Thirty-five days after Operation Desert Shield began, 675 U.S. Air Force aircraft were already deployed to the Middle East, nearly two-thirds of them fighters poised to defend the Saudi kingdom. While F-15 Eagles flew combat air patrols, E-3 AWACS surveillance aircraft orbited along Saudi Arabia's northern border, searching deep inside Iraqi airspace. Other fighters included dual-role F-15E Strike Eagles, F-4G Wild Weasels, F-111 Aardvarks,
A-10 Thunderbolts, F-117 Nighthawks, and F-16 Fighting Falcons. Each
of these was on standby alert and could be airborne within minutes if needed.
In the meantime, the biggest airlift since Vietnam was operating at full force. Military Airlift Command (MAC) C-5, C-141, and C-130 aircraft traveled back and forth between the United States and the Middle East, delivering troops and supplies. In August alone, these aircraft flew more than 2,000 missions, hauling 72,000 troops and 106 million pounds of cargo to dozens of bases in the region.

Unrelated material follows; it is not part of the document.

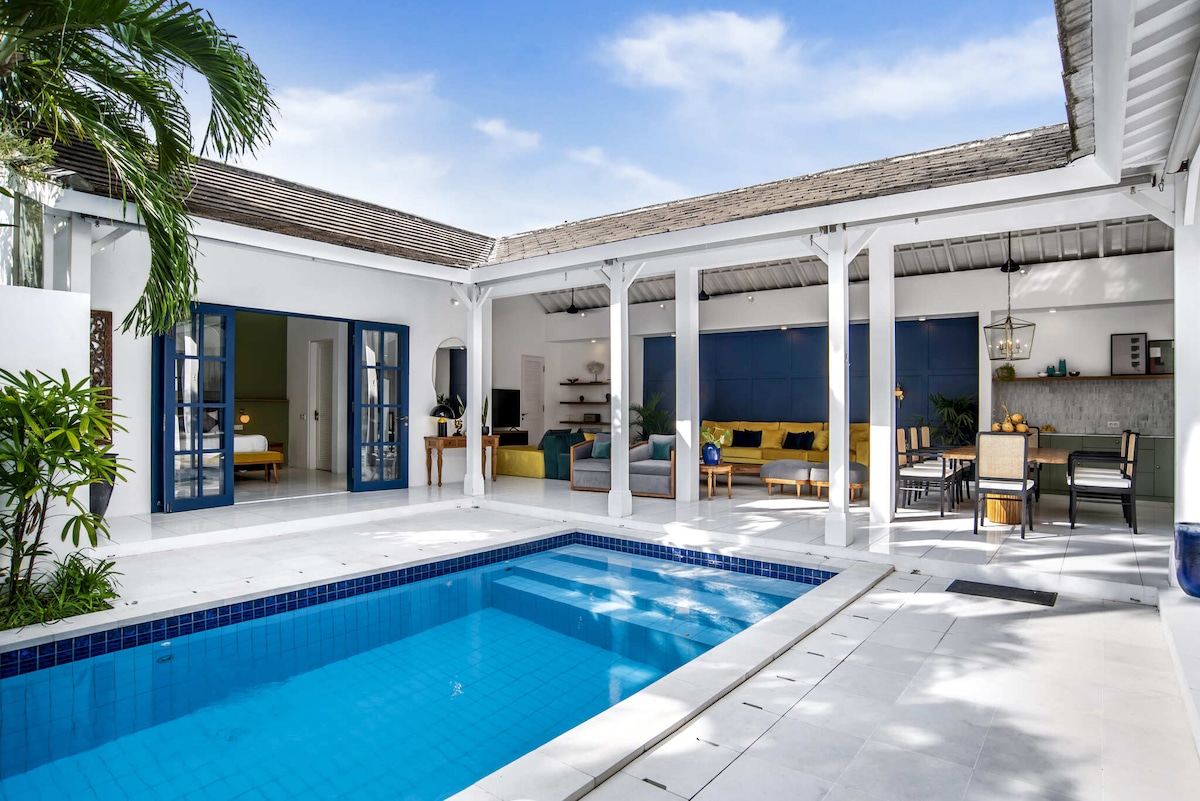 入住我們全新的 1 間臥室別墅,配有私人泳池,位於 Canggu 中心的絕佳位置,這是情侶或獨遊旅客的完美別墅,他們喜歡探索 Canggu 的著名景點。步行3-5分鐘即可抵達很棒的餐廳、商店、健身房、共同工作空間、普拉提、咖啡廳和酒吧。距離著名的海灘僅幾分鐘路程,如Nelayan、Batu Bolong、Canggu Beach,這間別墅配有豪華的加大雙人床、套房浴室、廚房、泳池、客廳和開放式起居空間,可在私人泳池旁放鬆身心

On Saturday, 22 September, Capt. Tom "Badger" Schmidt and I spent the afternoon building a LANTIRN
low-level map. After we finished, Lt. Col. Tim Nall called me into his office to discuss morale. He asked me to move out of the room I was in and into a room with other members of the
421st Black Widows. LANTIRN was quickly becoming a large priority for the wing, and since I was a Black Widow now, Lt. Col. Nall felt it would be better if I lived with other members of the unit.